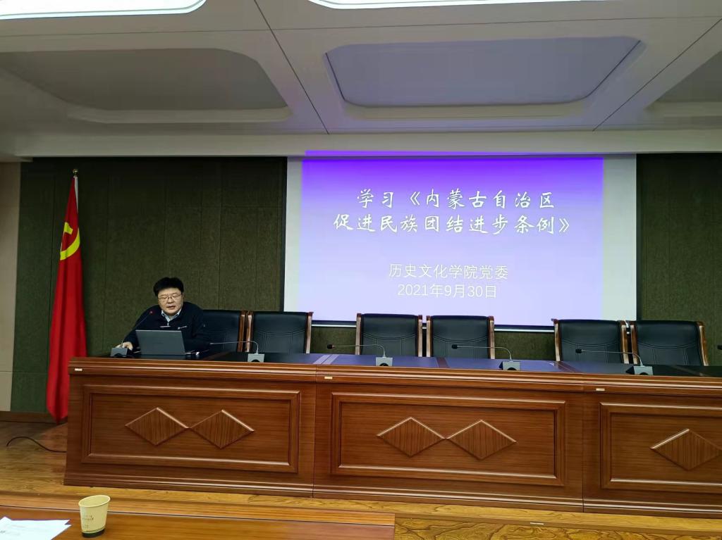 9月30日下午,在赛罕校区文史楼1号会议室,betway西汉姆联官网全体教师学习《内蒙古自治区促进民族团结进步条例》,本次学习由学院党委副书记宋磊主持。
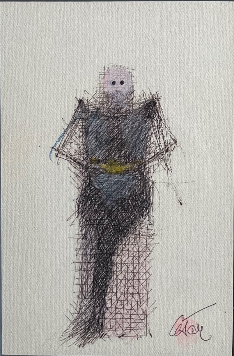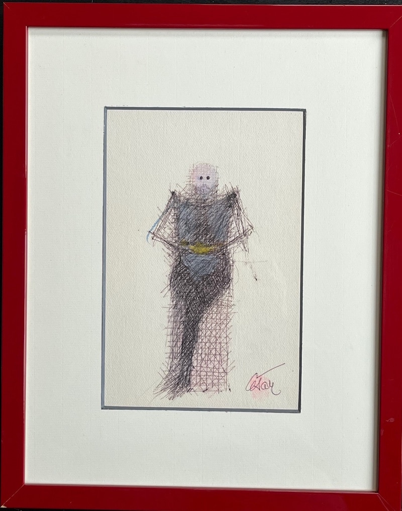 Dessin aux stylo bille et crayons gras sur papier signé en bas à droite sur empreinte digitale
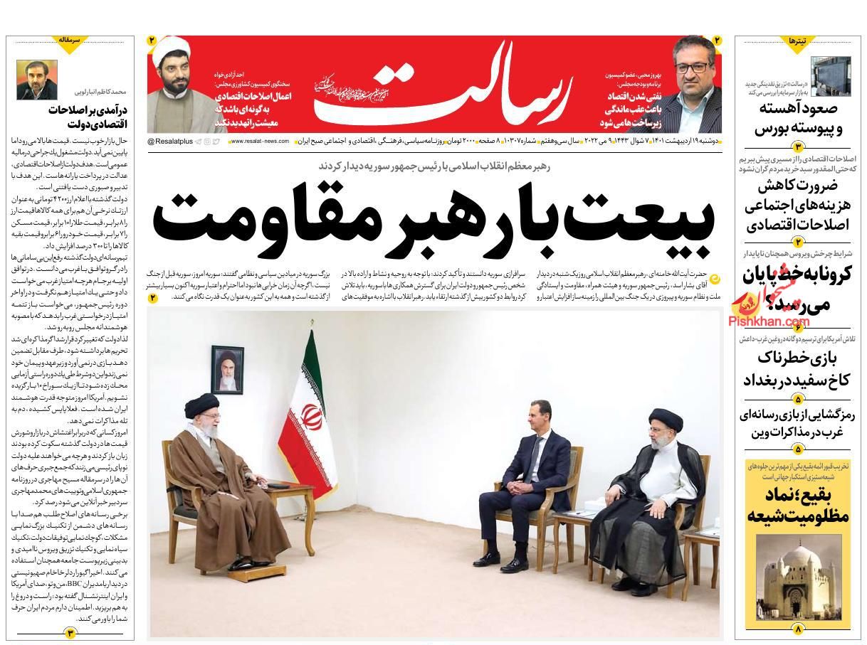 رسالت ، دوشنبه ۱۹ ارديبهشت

...

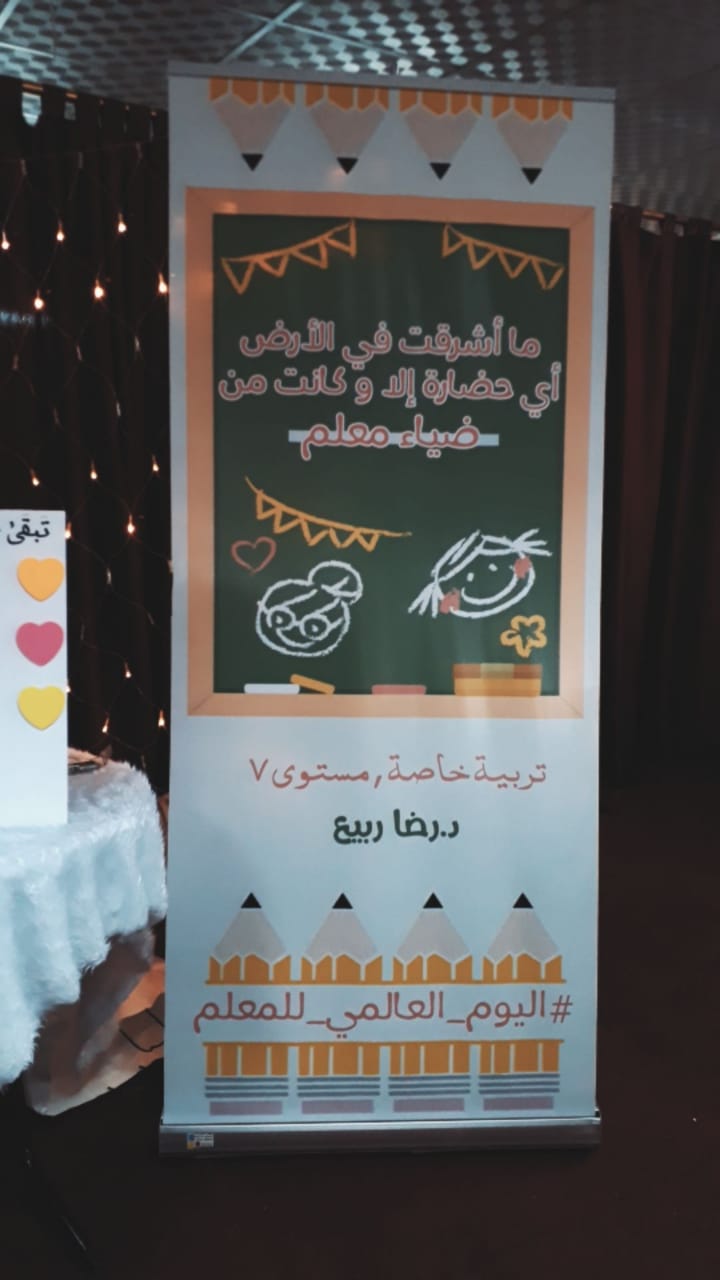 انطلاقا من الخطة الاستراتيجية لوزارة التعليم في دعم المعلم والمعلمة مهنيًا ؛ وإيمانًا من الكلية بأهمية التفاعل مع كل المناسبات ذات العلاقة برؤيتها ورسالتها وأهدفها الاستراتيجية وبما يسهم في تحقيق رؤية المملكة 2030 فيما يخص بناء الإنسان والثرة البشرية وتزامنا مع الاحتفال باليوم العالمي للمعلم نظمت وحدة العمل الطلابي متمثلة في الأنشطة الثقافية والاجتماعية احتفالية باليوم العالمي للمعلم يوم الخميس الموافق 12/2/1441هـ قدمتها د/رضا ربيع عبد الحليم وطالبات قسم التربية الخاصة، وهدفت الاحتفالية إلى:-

--

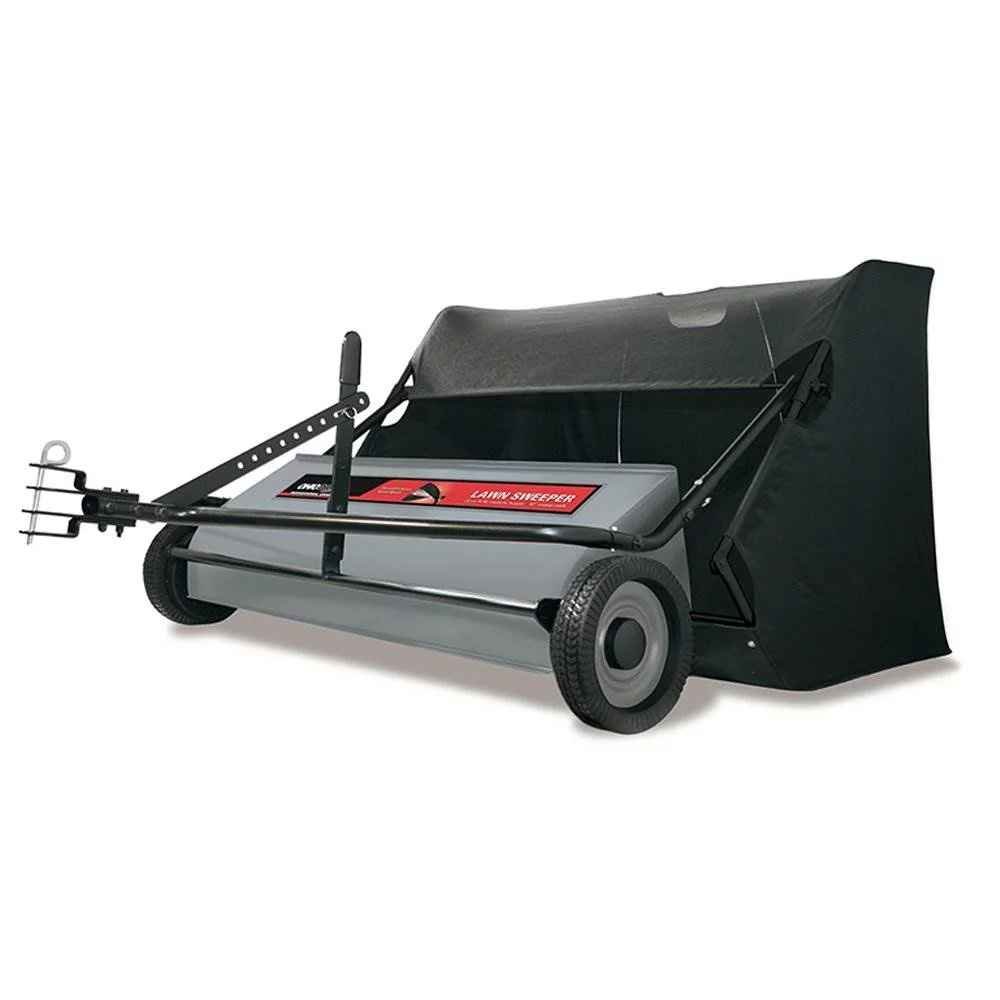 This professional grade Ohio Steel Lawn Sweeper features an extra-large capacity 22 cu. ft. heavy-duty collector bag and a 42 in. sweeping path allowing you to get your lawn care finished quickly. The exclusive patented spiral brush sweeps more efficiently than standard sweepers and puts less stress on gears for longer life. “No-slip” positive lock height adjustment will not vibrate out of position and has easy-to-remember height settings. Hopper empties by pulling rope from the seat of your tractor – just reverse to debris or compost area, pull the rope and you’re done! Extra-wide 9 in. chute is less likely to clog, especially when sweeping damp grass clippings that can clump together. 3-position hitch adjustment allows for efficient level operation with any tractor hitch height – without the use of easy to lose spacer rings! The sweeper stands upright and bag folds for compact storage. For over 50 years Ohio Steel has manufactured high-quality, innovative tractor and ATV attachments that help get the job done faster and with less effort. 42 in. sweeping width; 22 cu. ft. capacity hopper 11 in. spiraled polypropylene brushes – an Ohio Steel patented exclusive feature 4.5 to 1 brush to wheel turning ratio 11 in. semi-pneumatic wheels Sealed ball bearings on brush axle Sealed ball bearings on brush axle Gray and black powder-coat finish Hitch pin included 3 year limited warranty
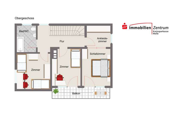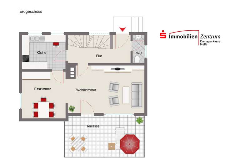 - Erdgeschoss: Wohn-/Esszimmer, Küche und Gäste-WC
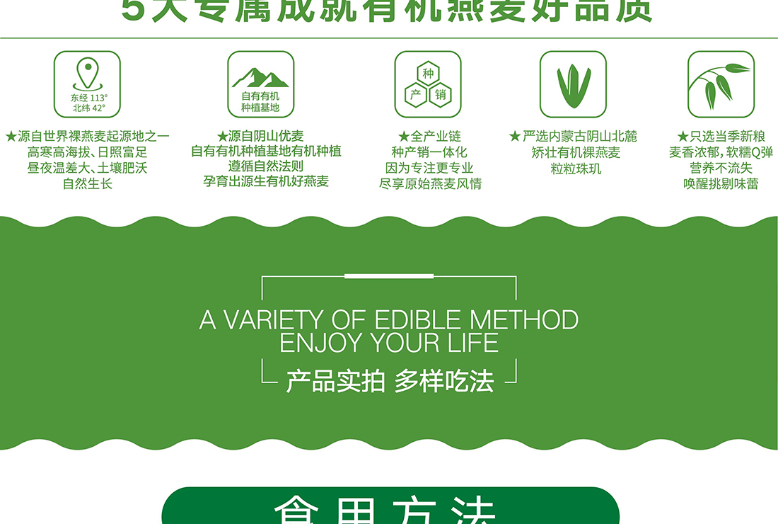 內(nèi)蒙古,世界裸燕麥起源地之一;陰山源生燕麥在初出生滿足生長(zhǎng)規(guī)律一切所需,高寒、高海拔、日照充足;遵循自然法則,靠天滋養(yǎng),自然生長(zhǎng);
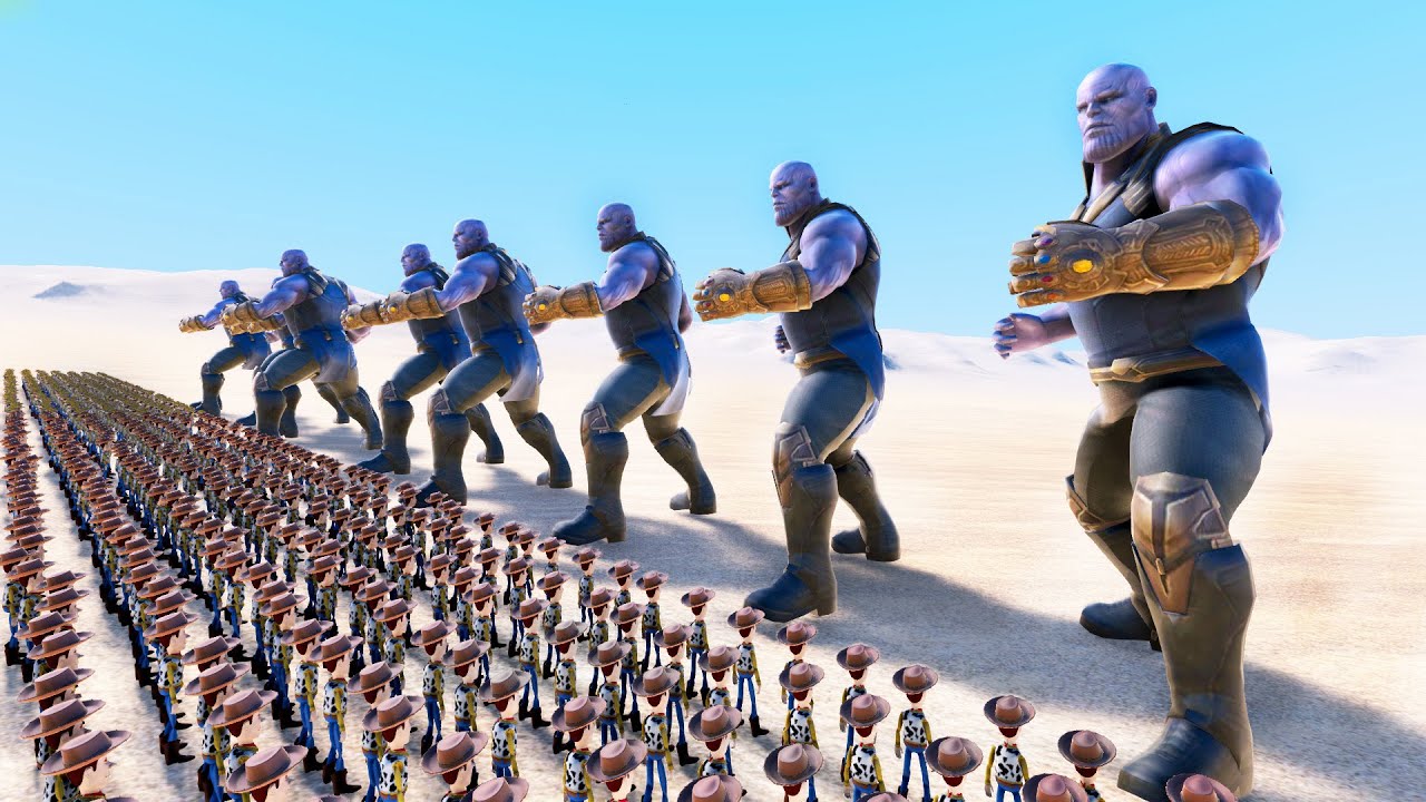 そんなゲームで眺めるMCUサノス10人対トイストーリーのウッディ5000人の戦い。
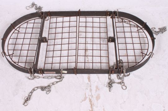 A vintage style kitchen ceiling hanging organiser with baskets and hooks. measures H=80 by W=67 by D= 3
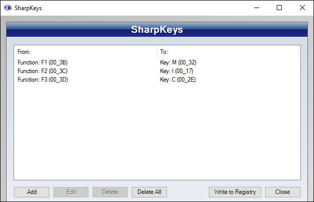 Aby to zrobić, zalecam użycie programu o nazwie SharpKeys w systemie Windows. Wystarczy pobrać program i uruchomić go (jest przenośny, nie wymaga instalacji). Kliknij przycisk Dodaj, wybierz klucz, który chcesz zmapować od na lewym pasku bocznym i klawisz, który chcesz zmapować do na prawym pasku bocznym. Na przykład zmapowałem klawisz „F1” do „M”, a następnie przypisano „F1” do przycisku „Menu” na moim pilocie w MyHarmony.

- EXERCISE:
Reproduce exactly the lines above that run from the one with "A vintage style" to the one with "Aby to zrobić, zalecam", both included, leaving pictures out.

- RESULT FOR THIS EXERCISE:
 A vintage style kitchen ceiling hanging organiser with baskets and hooks. measures H=80 by W=67 by D= 3
 Aby to zrobić, zalecam użycie programu o nazwie SharpKeys w systemie Windows. Wystarczy pobrać program i uruchomić go (jest przenośny, nie wymaga instalacji). Kliknij przycisk Dodaj, wybierz klucz, który chcesz zmapować od na lewym pasku bocznym i klawisz, który chcesz zmapować do na prawym pasku bocznym. Na przykład zmapowałem klawisz „F1” do „M”, a następnie przypisano „F1” do przycisku „Menu” na moim pilocie w MyHarmony.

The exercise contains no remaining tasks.